Filosofía

Performance

Investigo un Nuevo Lenguaje de Expresión en circunstancias extremas: pintando cuadros al mismo tiempo. Estudio las claves psicológicas del comportamiento humano en situaciones límite, para intentar comprender, con otro enfoque, el intrincado camino del entendimiento. Al hombre se le conoce en esos momentos, estando muy cerca del miedo. Ahí es donde se sabe cómo es cada uno de verdad. Esto hace, que mi mente se abra a nuevos conceptos. Necesito mis performances para encontrarme a mí mismo; para no sentirme anclado en este mundo.
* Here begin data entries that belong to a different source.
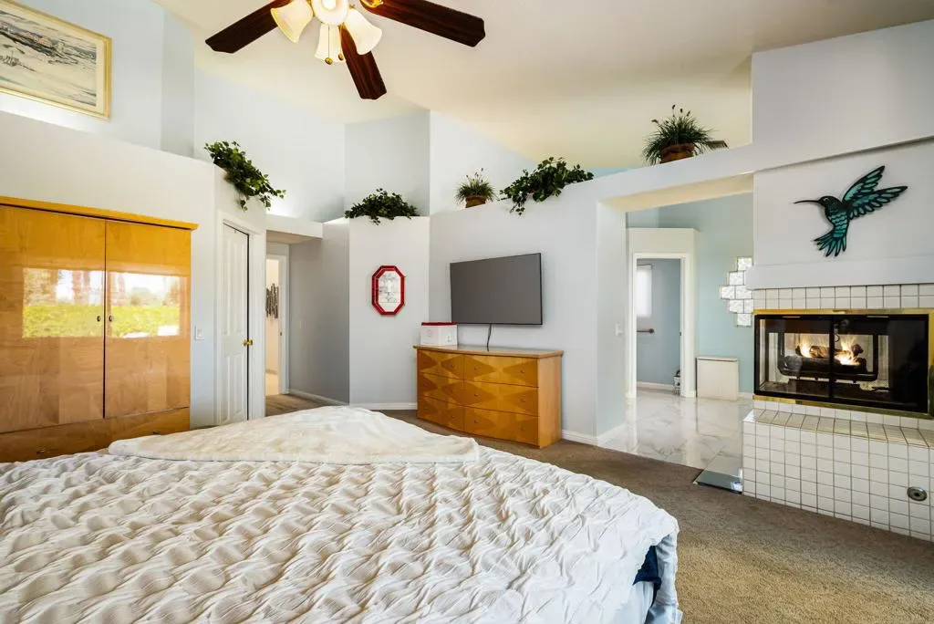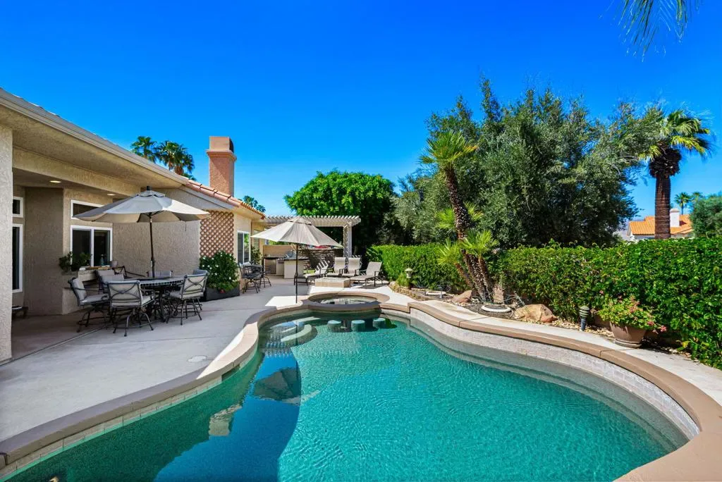 This Absolutely Beautiful, Country Club Resort Pool Home is Move-in-Ready for you to add your own personal touches and call Home! Boasting 4 Bedrooms and 3 upgraded Bathrooms, perfectly spread out over a 2300 sq ft single level floor plan with soaring Cathedral Ceilings allowing light and energy to fill the home! The entire home is fitted with New Milgard Windows and Doors, Plantation Shutters and Custom Window Coverings. The home is spacious and designed for comfort and relaxation with both a Formal Living Room and a TV Family room, 3 Fireplaces and an Updated Kitchen with beautiful Cabinetry and Granite Counter Tops. A 25 Panel Fully Owned and Paid for Solar System keeps the utility bills to a minimum, and 24 Kw back-up Generator allows for peace of mind. Step outside to an incredible Entertainers Back yard, complete with Cool Decking, Pebble-Tec Saltwater Pool and Spa, Outdoor Built in BBQ Station with Aluma-wood Covering, Dining area, Relaxation area around the Firepit and additional private space on either side of the home for children to run and play, or pets to enjoy, or use however you wish. Maybe turn one side into your private short game putting green or Outdoor Games area/Yoga Zen or Rose Garden. Desert Falls Country Club HOA Dues are considered one of the Very Best Values in the Desert with Cable, Wi-Fi, 24/7 Guarded Gates and Roving Security, Grounds and Landscaping maintenance, 29+ Pools and Spas, Tennis & Pickleball Courts, Fitness Center, Clubhouse and Restaurant all included in your dues.Desert Falls Scottish Links Championship Golf Course is rated as one of the top 10 courses by the SCPGA and awarded a 4 -star rating from Golf Digests ”Best Places to Play”! You can choose to purchase a membership or pay as you play. So don’t miss out on this Beautiful, meticulously maintained, single level, single family detached Home located in ”The Links” a prestigious enclave within the grounds of Desert Falls Country Club your new Desert Resort Home. It truly is a Gem of a find! Centrally located in the middle of the valley within walking distance to restaurants, shopping, Cal State and UC San Bernadino, and only a few miles to top entertainment venues such as Acrisure Arena, Agua Caliente Spa & Casino, the McCallum Theatre and El Paseo: a 2-mile boulevard of upscale Galleries, Boutiques, and fine Dining. This Move-in-Ready Home is not to be missed! Call Today for your private tour!
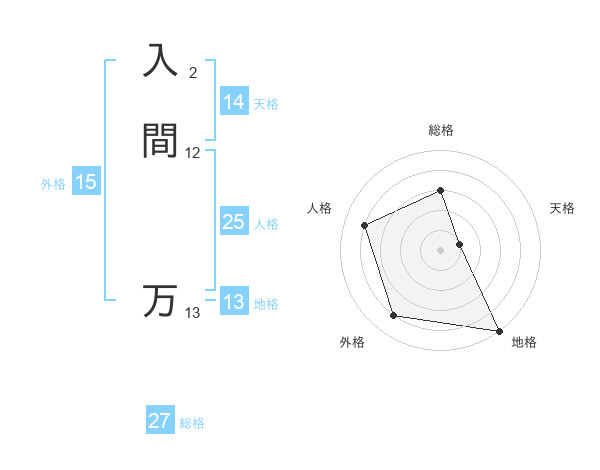 入間 万さんの総格は27画の3点!
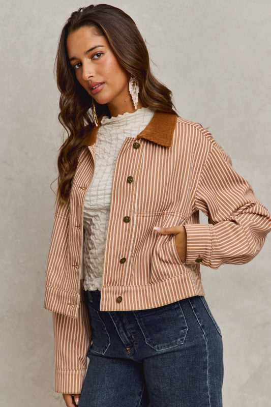 • Stripe button down jacket with corduroy collar
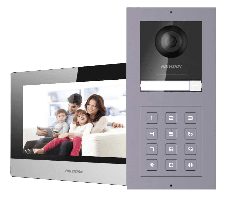 מצלמה 2MP מיקרופון ורמקול מובנים כולל IR, לחצן Physical Button ניתן לשייך ל-6 תחנות פנימיות בעזרת DS-KAD706-P
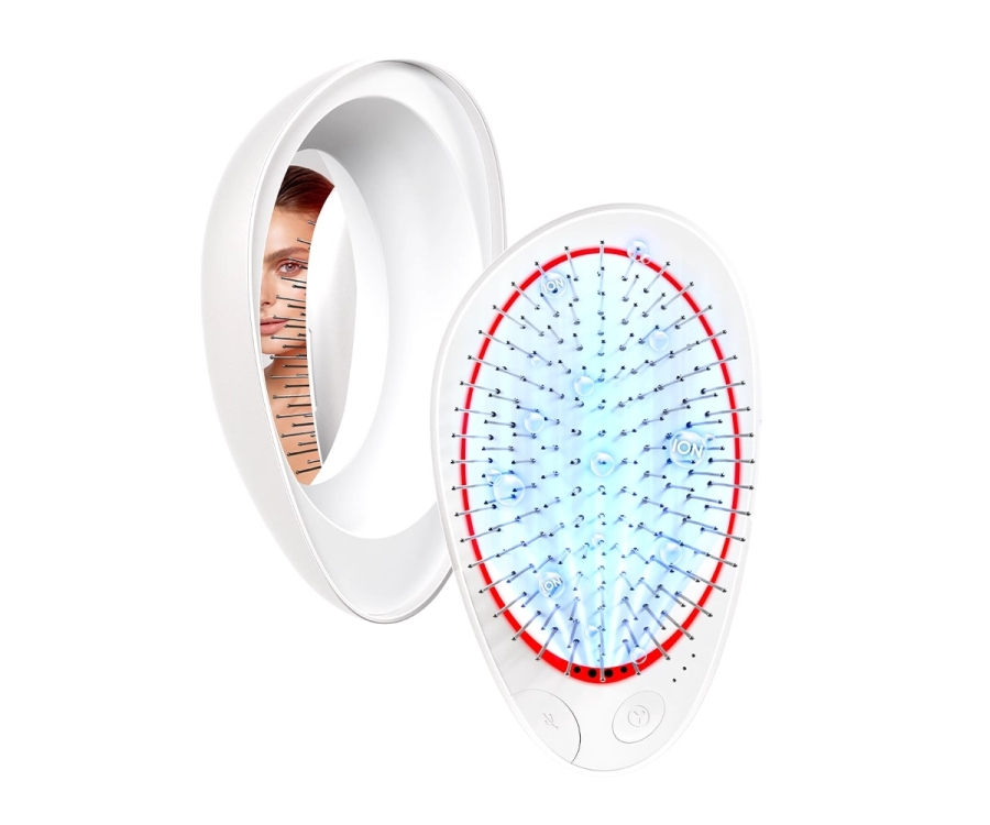 Тревел-версия знаменитой расчёски с защитным футляром укрепляет волосы, делая их блестящими, гладкими и послушными, как после салонного ламинирования. Расчёска решает проблемы восстановления, защиты и укрепления волос, используя современные методы трихологии: микротоки, ионизацию, вибромассаж и светотерапию. 160 зубчиков без труда удаляют ороговевшие клетки и перхоть, облегчая дыхание кожи головы. У расчёски есть футляр с зеркальцем, который защищает зубчики от пыли и повреждений. Благодаря этому, а ещё небольшим размерам и лёгкому весу, ею очень удобно пользоваться в пути.
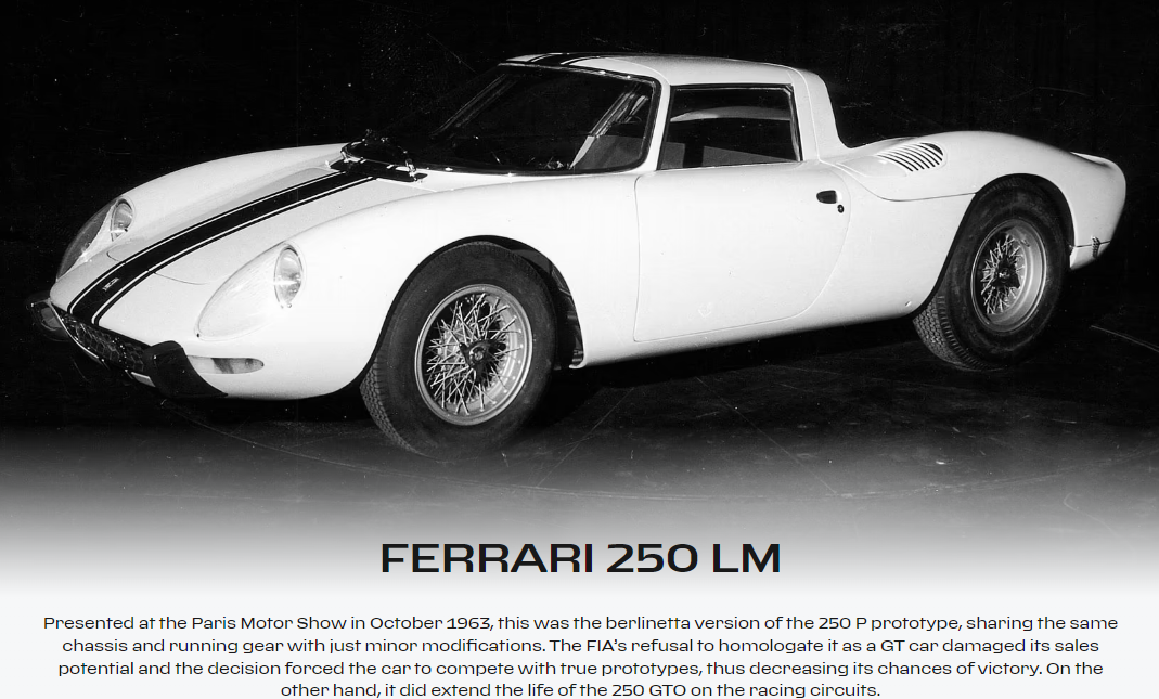 250 LM은 1963년부터 1966년까지 생산된 250 시리즈의 마지막 레이싱 모델로, 페라리 최초의 미드엔진 레이아웃을 채택한 레이싱카입니다. 이 혁신적인 디자인은 1965년 르망 24시간 레이스에서 페라리의 마지막 종합 우승을 안겨주었습니다. 250 LM의 성공은 이후 페라리의 레이싱카와 고성능 로드카 개발 방향에 큰 영향을 미쳤습니다.
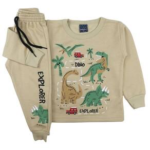 Conjunto Infantil Menino Dino em Moletom Flanelado Inverno - Bege - 1
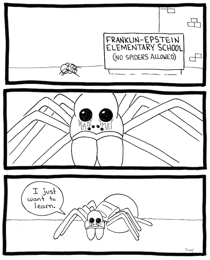 I guess I’ll just kill all the spiders I find then… poor guys– can’t get an education and they are hunted by giants… some people just can’t catch a break.
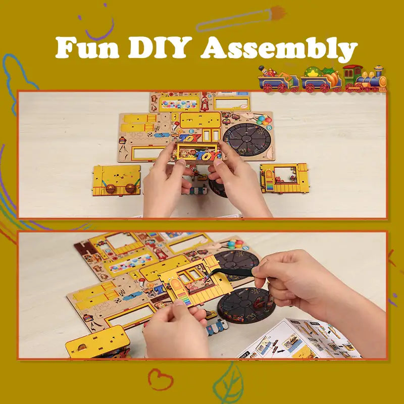 The Story Box Corner Amusement Park DIY Miniature House brings happiness and creativity to your tabletop. Designed with colorful amusement park elements, this wooden 3D puzzle recreates a joyful carnival scene with a Ferris wheel, balloons, and playful architecture.

Quiero desafiar las leyes del  tiempo y del espacio, de la razón y sinrazón.

Sin medios, sin permisos, y sin la ayuda de un equipo cualificado, es imposible trabajar con profesionalidad. Así, es muy difícil  hacer respetar una obra tan personal y arriesgada artísticamente.

Intervención

Es una obra para meditar sobre la libertad. Un intento utópico para atrapar la noción espacio/tiempo y detenerla un fugaz instante. Deseo sentir ese momento que jamás se repite. Somos prisioneros de nosotros mismos. Utilizando cuerdas y otros elementos, atrapo personas, edificios… para provocar una reflexión  acerca de nuestros porqués. Un pensamiento que nos ayude a replantearnos, con un concepto diferente, todas esas preguntas que nos inquietan. 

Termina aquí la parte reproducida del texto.